In statistics, the F-measure is a measure of a test's accuracy, where an F-measure reaches its best value at 1.0 and worst score at 0.

Results and Discussion

Classifying Genes to Correct Gene Ontology Terms

The results of the experiments are based on averages of ten different runs of each dataset being randomized and then split for training and testing. The size of the datasets varied depending on what experiments were being performed. The dataset that contained no neighbour information contained 31554 instances. This number increased as more neighbour information was included. For instances where there was missing attribute values, the missing values were substituted with a "?". The training sets were set to contain 66% of the instances randomly selected from each dataset. In this analysis, the classification of Gene Ontology Slim terms for all three ontologies are combined. The MultiBoostingAB algorithm using the J48 classifier generated different trees for each data set it analyzed. The trees generated for the individual chromosomes did share similar structures in that the root node was the Gene Ontology Slim term for the given gene followed by start positions that partitioned the chromosome and then the neighbouring gene's Gene Ontology Slim term.

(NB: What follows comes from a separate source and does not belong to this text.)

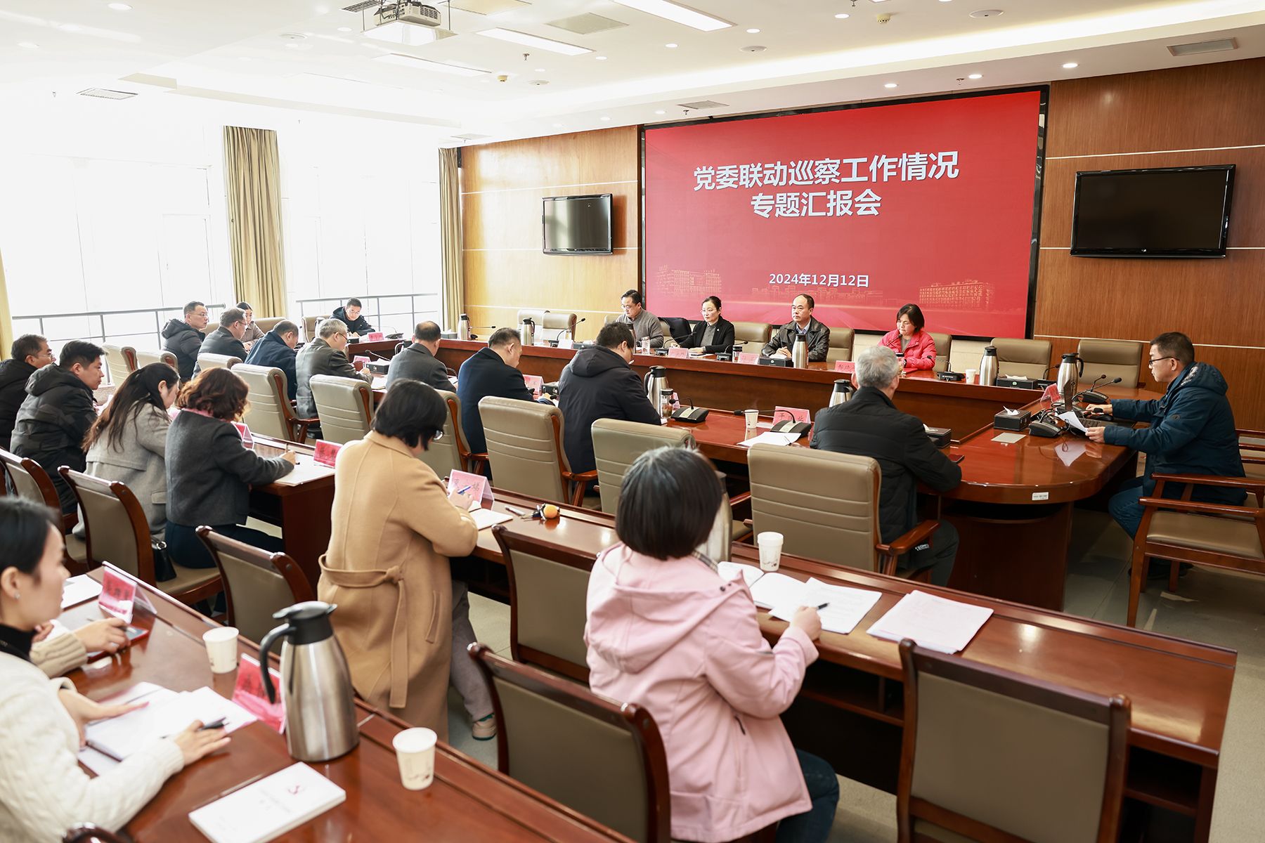 12月12日上午,党委巡察工作领导小组在希望大道校区行政楼9楼视频会议室召开会议,听取党委联动巡察工作情况专题汇报,部署推进联动巡察后续工作。校党委书记、巡察工作领导小组组长方海林出席会议并讲话。校长、党委副书记、巡察工作领导小组副组长邵荣,党委常委、纪委书记、省监委派驻监察专员、巡察工作领导小组副组长陈伟,党委常委、副校长、组织部部长邢晓平,党委常委、统战部部长姚军,党委常委、宣传部部长奚新国等党委巡察工作领导小组成员出席。党委联动巡察组、财务审计组、信访工作组全体成员,巡察办工作人员参加会议。陈伟主持会议。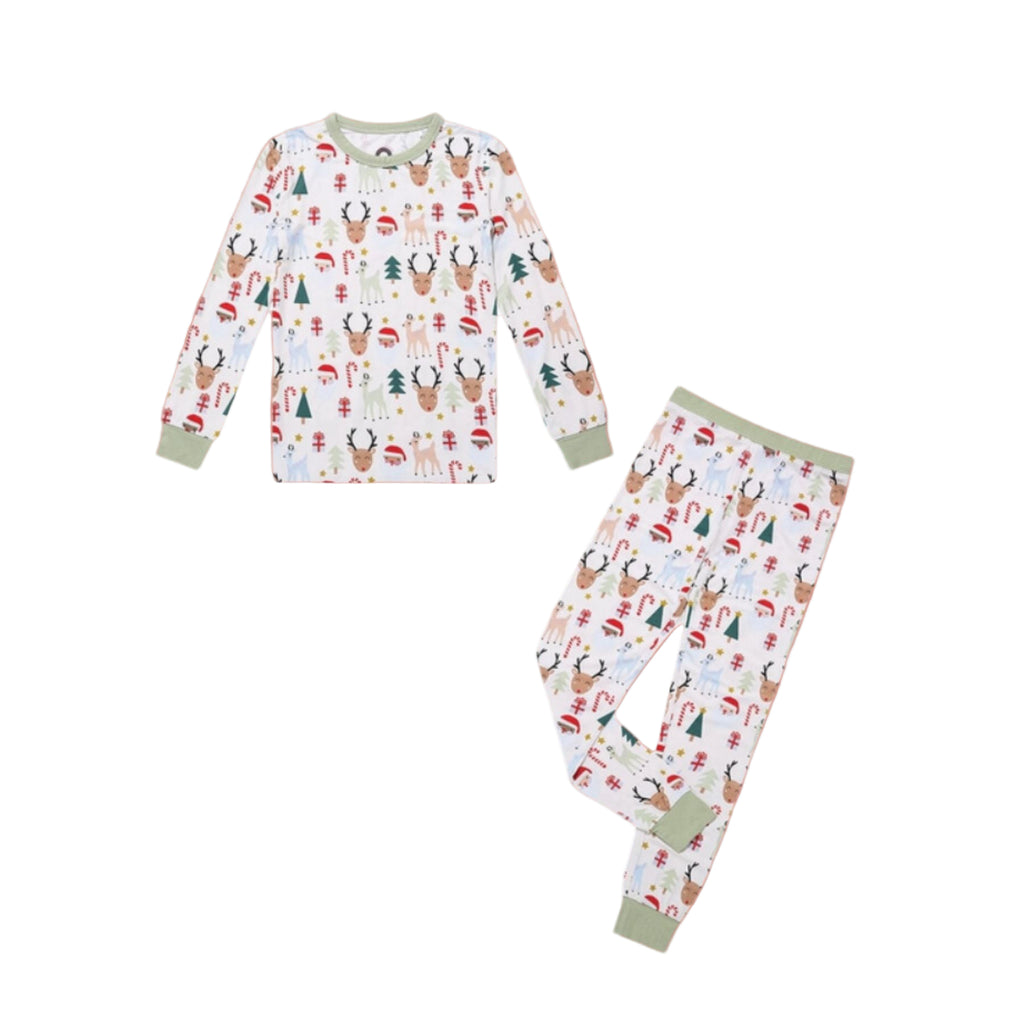 Soft viscose bamboo kids pajamas set in Emerson and Friends' Santa and Friends Holiday pattern! Check out more with this print for the cutest sibling match. Explore the most comfortable children's sleep wear ever.

The results of this study also showed that in classifying genes to their correct Gene Ontology Slim term, the inclusion of neighbour information from those genes is beneficial (See Figure 1). By incorporating neighbour information from each gene's two-nearest neighbours, the percentage of correctly classified genes increases to over 80% for most chromosomes. A gene is considered to be correctly classified if all of its Gene Ontology Slim terms have been predicted. This phenomenon of having the incorporation of neighbour information being beneficial is also seen in the F-measures obtained by the classifier (See Figure 2). Partitioning of the classification process by chromosome produces better accuracy results than using the classification results generated when using information from the entire genome. By incorporating neighbour information from each gene's two-nearest neighbours, the F-measures increase to over 0.80 for most chromosomes.

Figure 1.

Figure 1

Percent of Correctly Classified Genes to Gene Ontology Slim Terms. Percent of correctly classified genes to Gene Ontology Slim terms for the entire genome and the individual chromosomes (chromosome seventeen represents the mitochondrial chromosome) using the MuliBoostAB algorithm using the J48 classifier.

Figure 2.

Figure 2

F-measures of Classified Genes to Gene Ontology Slim Terms. F-measures of classified genes to Gene Ontology Slim terms for the entire genome and the individual chromosomes (chromosome seventeen represents the mitochondrial chromosome) using the MuliBoostAB algorithm using the J48 classifier.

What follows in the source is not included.